▸ **Exercise goal**: Leave the images out. Give every line below again, precisely.

════

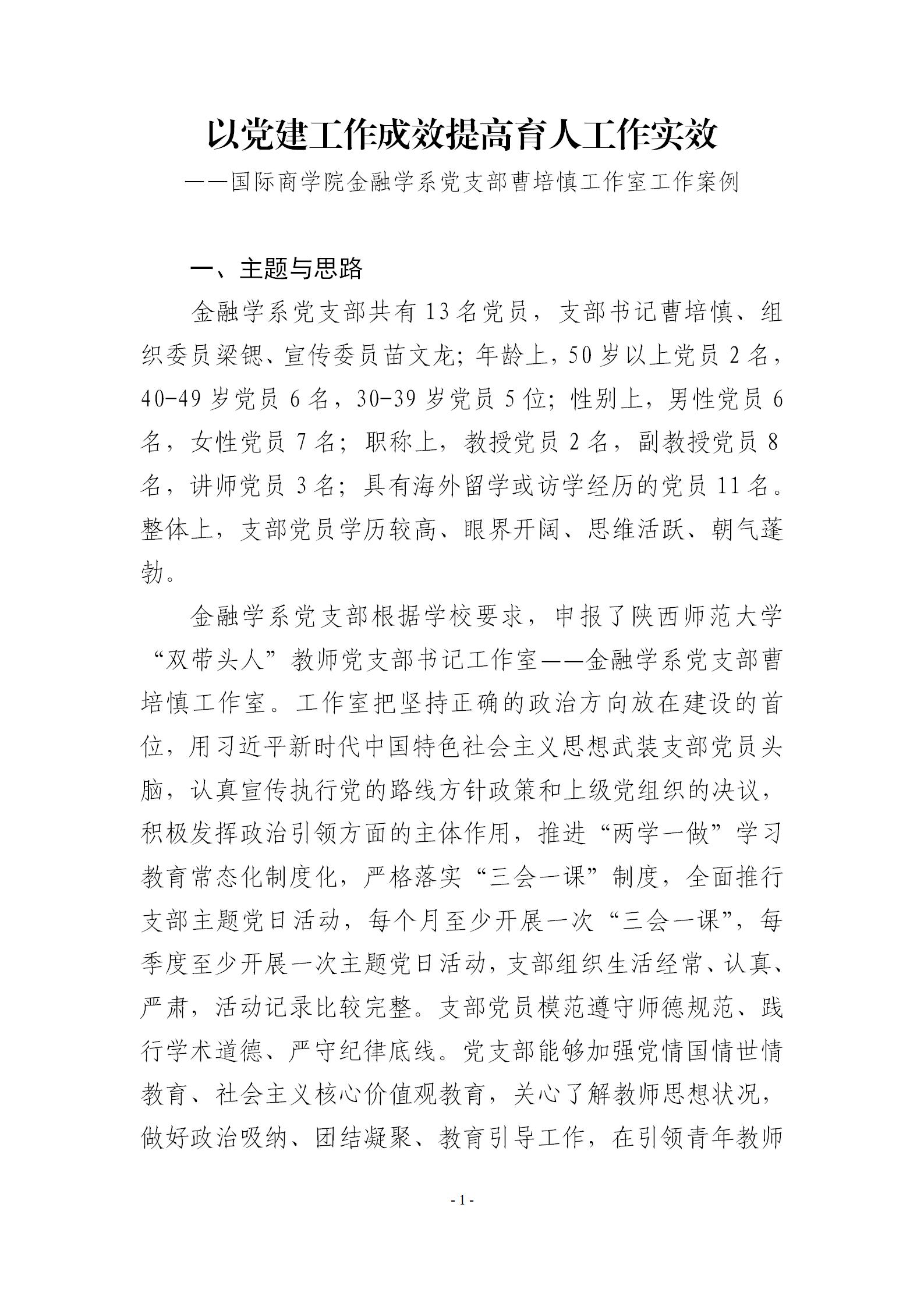 以党建工作成效提高育人工作实效——beats365唯一官方网站金融学系党支部曹培慎工作室工作案例
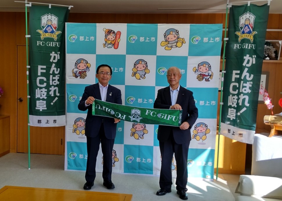 7月3日(日)のJ3リーグ第15節、ホームでのFC今治戦の「郡上市ホームタウンデー」開催にあたり、6月2日(木)郡上市役所にて、宮田 博之 会長が、日置 敏明 郡上市長を表敬訪問させていただきました。
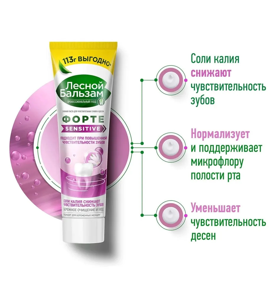 Зубная паста Лесной бальзам ФОРТЕ SENSITIVE – это средство для гигиены полости рта, созданное специально для чувствительных зубов и десен.
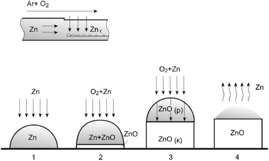VLS growth of ZnO nanorods: 1—formation of zinc droplets (beginning of the process), 2—nucleation of the ZnO crystal, 3—growth of the ZnO nanorod, 4—evaporation of the zinc drop (end of the process).
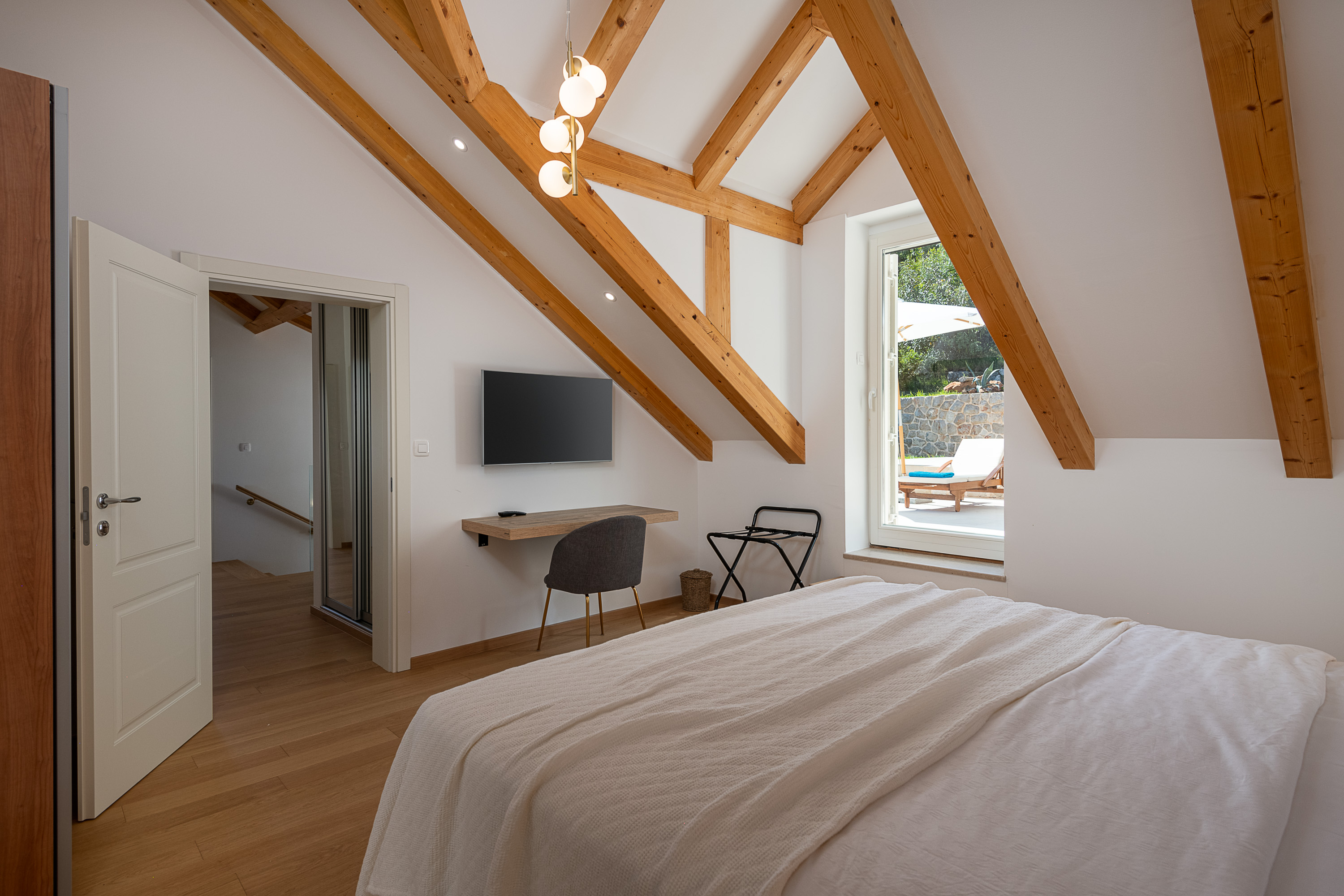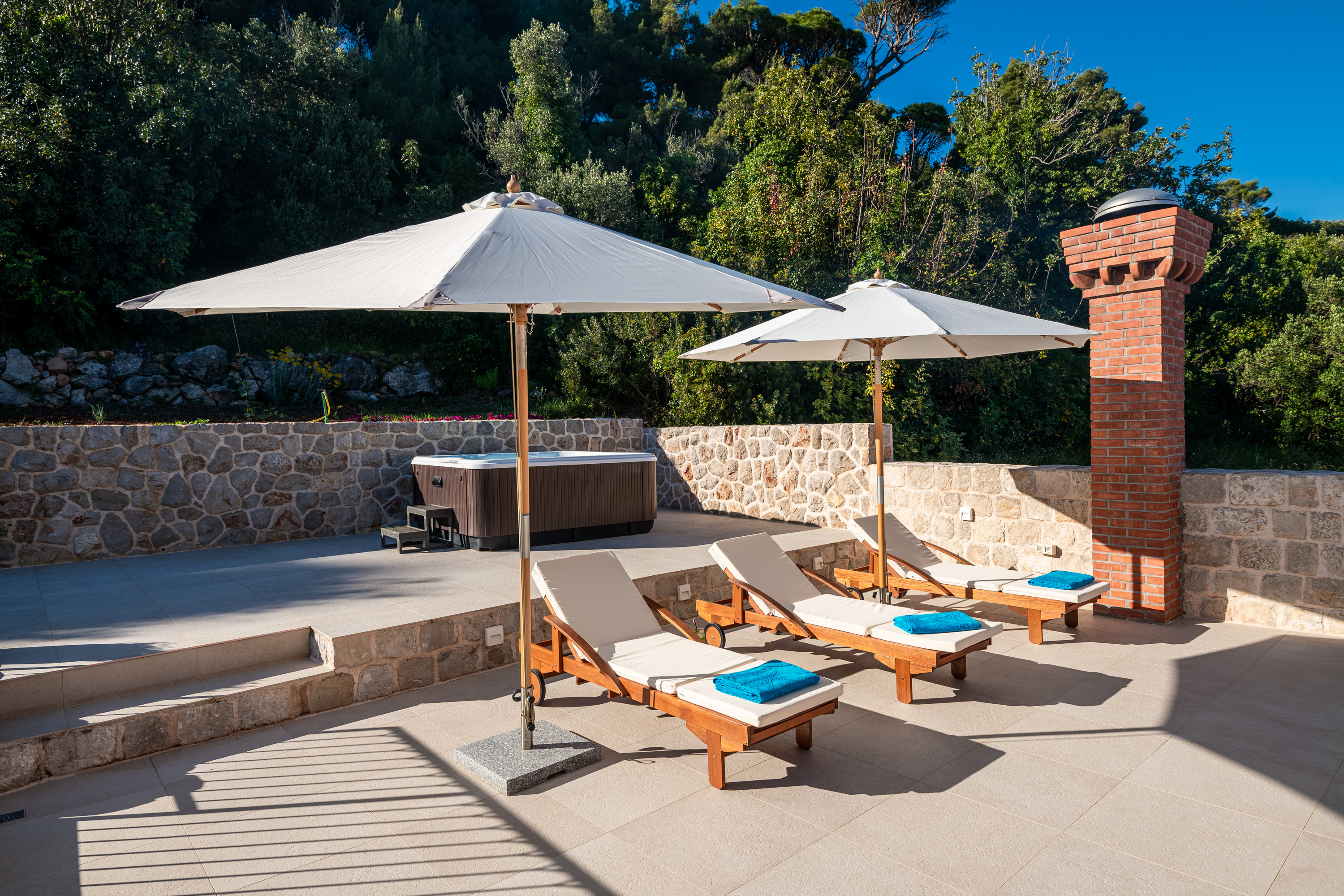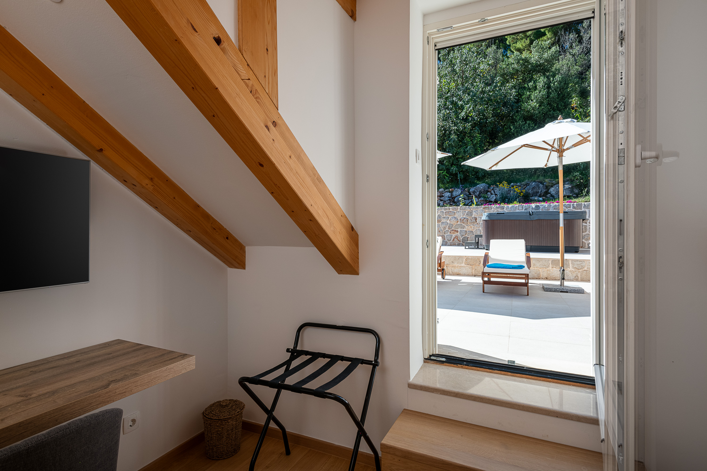 This room features a spacious terrace complete with a jacuzzi, umbrellas and sunbeds.
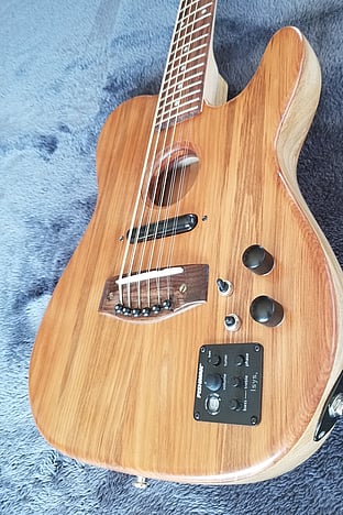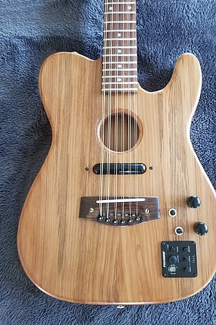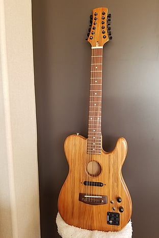 "Back in 1987, while on a sailing trip in the Mediterranean, I got inspired to build acoustic guitars featuring a tear-drop shape. This style was among the ancestors of modern guitars, and were known in England as Citerns, and in Spain as Lauds. I have always preferred the full, harmonious sound of 12-string guitars, and have built a number of these over the decades. My latest build is a hybrid 12-string, which looks like a hollow-body telecaster, but carries pickups that can produce both acoustic and jangly 60’s sounds. With so many guitars around the house now, like Greg I have had to promise my wife this latest hybrid will be my last build!"
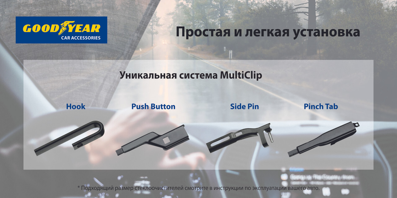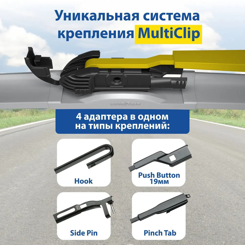 • система крепления MultiСlip позволяет установить щётку в считанные минуты без адаптеров и сложных инструкций. Подойдёт для креплений Hook, Push Button, Side Pin и Pinch Tab;
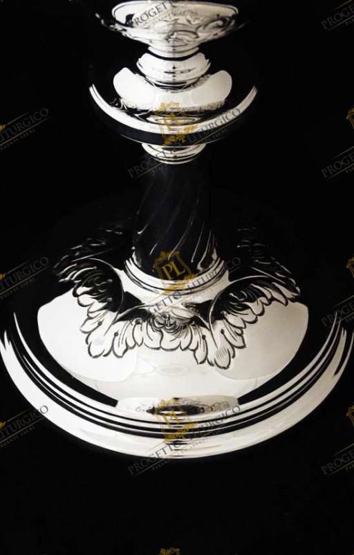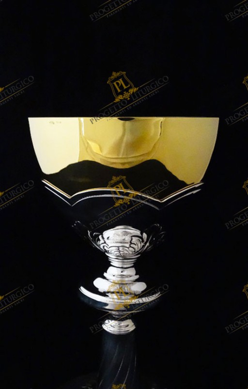 Il calice da messa semplice che qui vediamo è realizzato interamente in argento 925 ed è cesellato in stile medievale: esso è caratterizzato da una base e da una coppa più larghe rispetto ad un calice da messa in stile barocco.
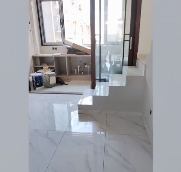 从视频上可以看到,屋内的地砖都被铺好了,楼梯阶也被贴上木板,墙壁也都粉刷一新,每个房间的门框都已经安装好,就连屋内的衣柜也都放置进来,屋内还坐着几名男子,其中一名男子正在打电话联系。通过楼道,走到隔壁邻居的屋内。
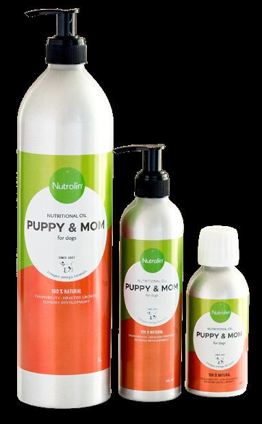 Nutrolin® PUPPY & MOM, för mig är det viktigt att ge valparna bästa förutsättningarna i livet. Mina valpar har haft strålande pälsar och hud, samt varit mycket välmående och snabblärda, liksom födda med kunskapen.
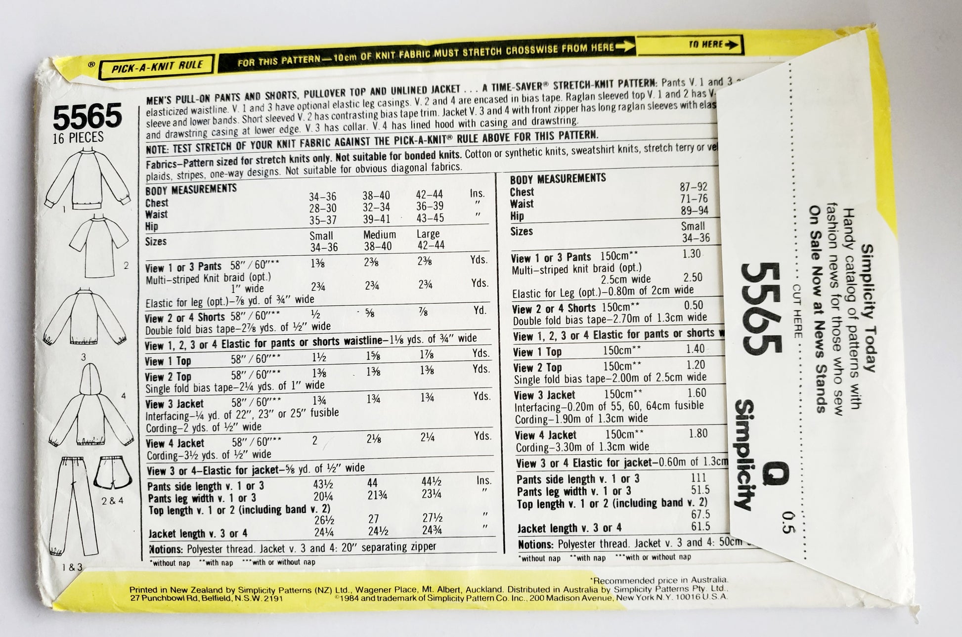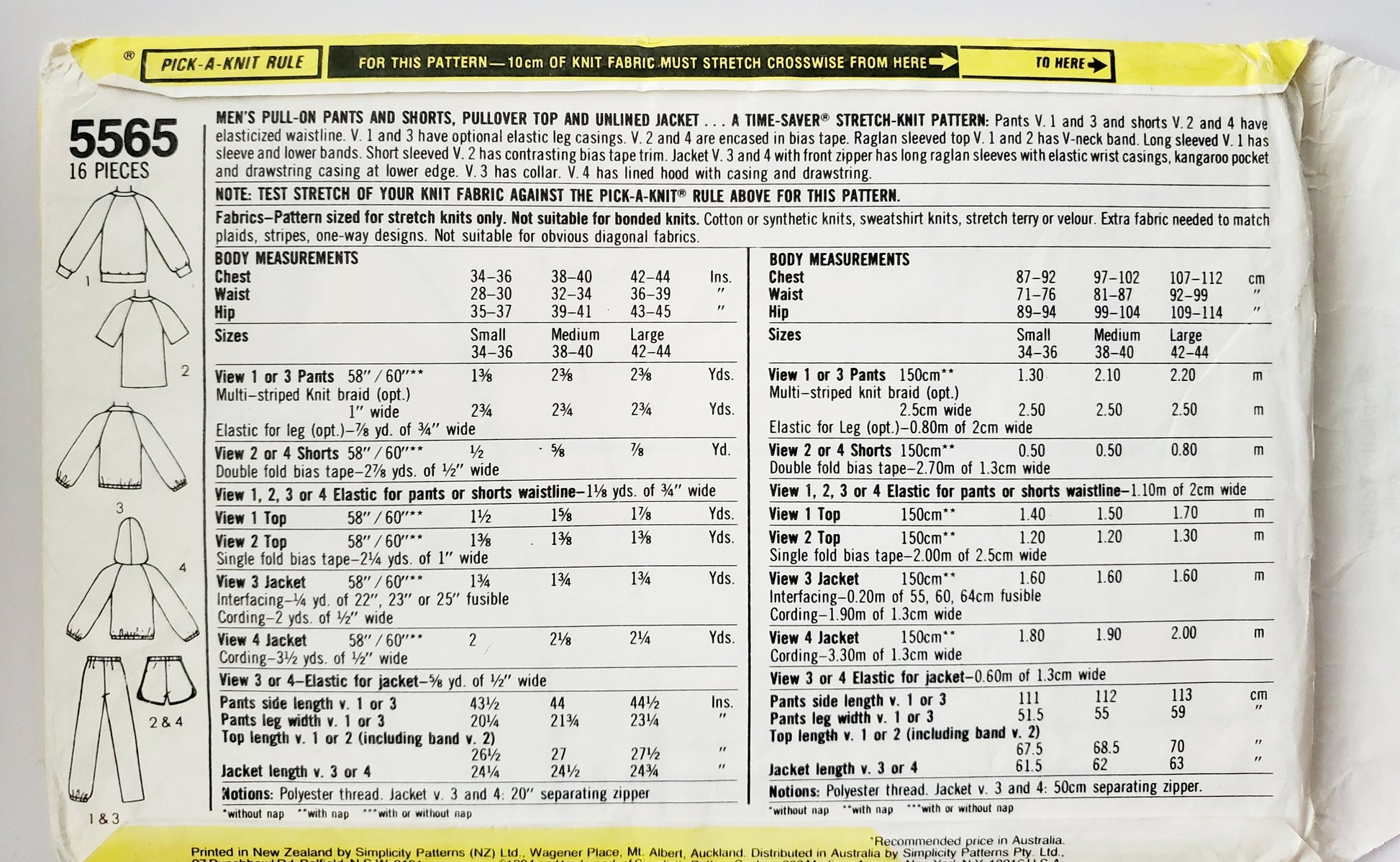 SIMPLICITY Sewing Pattern 5565, Mens, Pants, Shorts, Top, Jacket, Trackpants, Size 38-40
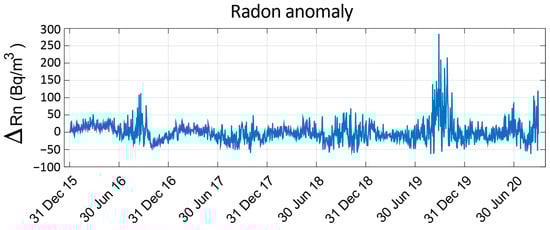 In the present work, the 1-year oscillations, as well as any possible linear trends, have been identified by using cubic-spline interpolation [27]. In Figure 6, the radon anomaly that corresponds to the subtraction of the seasonal behaviour from the radon time series is shown.

════

▸ **Response below**:
 以党建工作成效提高育人工作实效——beats365唯一官方网站金融学系党支部曹培慎工作室工作案例
 7月3日(日)のJ3リーグ第15節、ホームでのFC今治戦の「郡上市ホームタウンデー」開催にあたり、6月2日(木)郡上市役所にて、宮田 博之 会長が、日置 敏明 郡上市長を表敬訪問させていただきました。
 Зубная паста Лесной бальзам ФОРТЕ SENSITIVE – это средство для гигиены полости рта, созданное специально для чувствительных зубов и десен.
VLS growth of ZnO nanorods: 1—formation of zinc droplets (beginning of the process), 2—nucleation of the ZnO crystal, 3—growth of the ZnO nanorod, 4—evaporation of the zinc drop (end of the process).
 This room features a spacious terrace complete with a jacuzzi, umbrellas and sunbeds.
 "Back in 1987, while on a sailing trip in the Mediterranean, I got inspired to build acoustic guitars featuring a tear-drop shape. This style was among the ancestors of modern guitars, and were known in England as Citerns, and in Spain as Lauds. I have always preferred the full, harmonious sound of 12-string guitars, and have built a number of these over the decades. My latest build is a hybrid 12-string, which looks like a hollow-body telecaster, but carries pickups that can produce both acoustic and jangly 60’s sounds. With so many guitars around the house now, like Greg I have had to promise my wife this latest hybrid will be my last build!"
 • система крепления MultiСlip позволяет установить щётку в считанные минуты без адаптеров и сложных инструкций. Подойдёт для креплений Hook, Push Button, Side Pin и Pinch Tab;
 Il calice da messa semplice che qui vediamo è realizzato interamente in argento 925 ed è cesellato in stile medievale: esso è caratterizzato da una base e da una coppa più larghe rispetto ad un calice da messa in stile barocco.
 从视频上可以看到,屋内的地砖都被铺好了,楼梯阶也被贴上木板,墙壁也都粉刷一新,每个房间的门框都已经安装好,就连屋内的衣柜也都放置进来,屋内还坐着几名男子,其中一名男子正在打电话联系。通过楼道,走到隔壁邻居的屋内。
 Nutrolin® PUPPY & MOM, för mig är det viktigt att ge valparna bästa förutsättningarna i livet. Mina valpar har haft strålande pälsar och hud, samt varit mycket välmående och snabblärda, liksom födda med kunskapen.
 SIMPLICITY Sewing Pattern 5565, Mens, Pants, Shorts, Top, Jacket, Trackpants, Size 38-40
 In the present work, the 1-year oscillations, as well as any possible linear trends, have been identified by using cubic-spline interpolation [27]. In Figure 6, the radon anomaly that corresponds to the subtraction of the seasonal behaviour from the radon time series is shown.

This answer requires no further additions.